Rein specializes in dining-room chairs and rocking chairs, along with woven baskets and bowls. Although he didn’t first see his craft as a possible career, Rein has been woodworking for years.
“How I got started might be a little to do with sibling rivalry,” Rein said.
Born in Vietnam, Rein lived in Indonesia with his family when he was young, and his parents hired a local man to teach his brother woodworking.
“I was always asking, ‘Daddy, when do I get to take lessons?’” Rein said. Back in the states, lessons were harder to come by, but Rein never forgot that he’d wanted to learn.
“It got set in my brain at 7 years old,” Rein said.
His woodworking skills are mostly self-taught, and Rein describes his methods as fairly uncomplicated. It’s all about finding the right tree and keeping the knives sharp.
Moving through the woods near his house, Rein stares up to the top of a tree, feeling around the trunk. He looks for different characteristics depending on what he intends to make.
“This one here is nice and round and tall, wonderful for making chairs,” Rein said. “I can tell it will split well, it’s centered, and inside, I can tell the grain is going to be straight.”
Rein uses as much of a tree as he can when he cuts it down. When an ice storm in 2009 knocked trees down near his house, he used those instead of cutting new ones. His motto is “Do no harm,” and Rein works to make sure he takes just enough from his land to live off of and makes sure he gets the most value he can out of each tree.
“Usually when I cut a tree now, it’s for a specific order. I know exactly when it needs to be ready and how much I need,” Rein said.
Rein does most of his business in chairs. His rocking chairs go for around $1,200 each, and dining-room chairs for around $350 each.
He’ll ship his items, begrudgingly, to buyers outside the state, but most people drive to his property to pick up their orders.
Rein at one time worked making custom furniture for a large company but grew disillusioned with the way his bosses ran their business, cheapening the work to churn out more product.
“It’s not a good cycle to be in,” Rein said.
Rein instead set his sights on a more traditional, sustainable way of life. During the recession in the late ’70s, Rein found himself unable to keep up with his $60-a-month portion of the rent in a New York house.
“I was sick and at home and decided I needed a plan B,” Rein said. “I thought, ‘Why don’t I go off into the woods and build a house?’”
So, with little training, he did — out of hemlock logs.
“It changed our whole lives,” Rein said. “It didn’t even have any running water, but we realized that even with the little money we had from odd jobs, we had enough.”

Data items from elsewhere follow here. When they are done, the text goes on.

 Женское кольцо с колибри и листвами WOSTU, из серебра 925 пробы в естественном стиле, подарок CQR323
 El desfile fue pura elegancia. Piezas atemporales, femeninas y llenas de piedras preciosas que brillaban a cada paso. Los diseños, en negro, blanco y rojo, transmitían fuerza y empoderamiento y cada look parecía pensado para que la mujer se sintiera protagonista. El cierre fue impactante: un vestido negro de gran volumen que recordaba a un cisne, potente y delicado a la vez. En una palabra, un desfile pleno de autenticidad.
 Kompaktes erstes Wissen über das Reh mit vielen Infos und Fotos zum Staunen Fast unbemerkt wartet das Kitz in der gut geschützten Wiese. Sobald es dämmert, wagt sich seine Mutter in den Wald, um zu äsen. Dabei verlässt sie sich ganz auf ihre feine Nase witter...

Rein moved to Arkansas in 1980, and when he and his wife divorced, he purchased his land and took four months to build the three-bedroom log home he now lives in, complete with spring-fed water in the kitchen, solar panels on the roof and an outhouse down a short path.

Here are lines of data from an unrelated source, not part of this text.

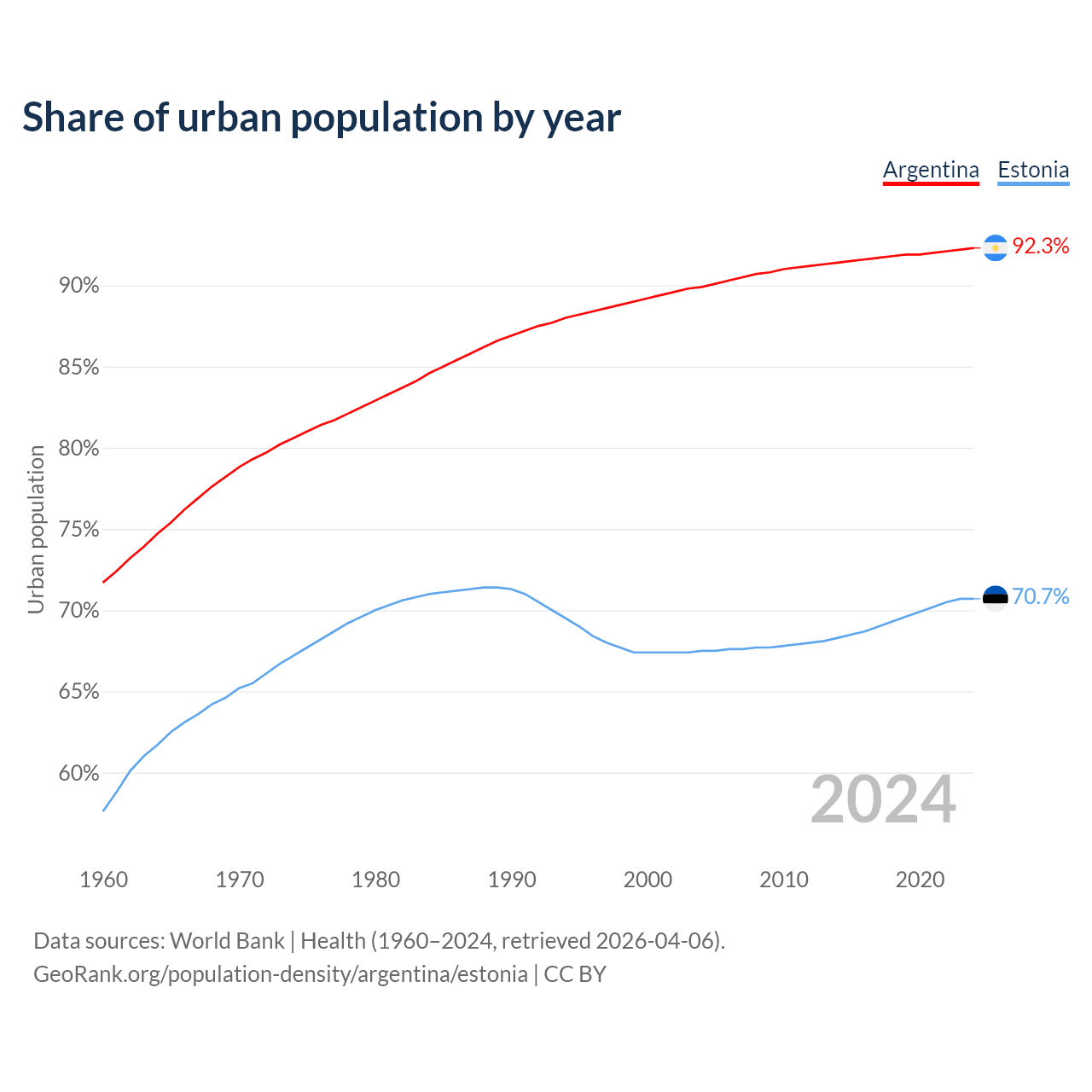 From 2004 to 2024, the share of urban population changed from 89.9% to 92.3% in Argentina and from 67.5% to 70.7% in Estonia.
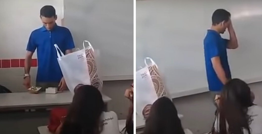 Quando Bruno Rafael è entrato in classe come qualsiasi altro giorno, ha trovato la sorpresa. Dopo aver letto l’emozionante lettera scritta dai ragazzi, la commozione è stata talmente tanta che è scoppiato in lacrime.
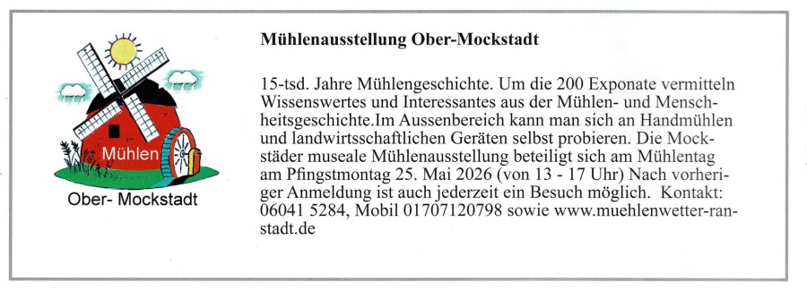 Hallo, eine wichtige Info für alle unsere Freunde, Gönner und Mühlenmodell- Interessierte:
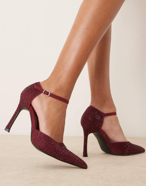 Glamorous - Bærrøde pumps med høj hæl og spids snude samt udsmykning

“Building it myself, I learned a lot about what I liked and what I didn’t, what makes me happy,” Rein said.
A Netflix subscription makes the “like” list, though the Internet and cellphones do not.
Rein is the first to admit that he was never a good salesman, but after years in the business, his chairs sell themselves. Over the years, Rein has been commissioned to make rocking chairs for former U.S. Sen. David Pryor and former President Bill Clinton.
In 1994, Rein won the
Arkansas Arts Council Fellowship Award and has written numerous articles for woodworking magazines over the years. Repeat customers and friends of customers send in enough orders that Rein is nearly always working on a project.
“Everything I do in my work and life is real simple,” Rein said. “It’s a good place to be.”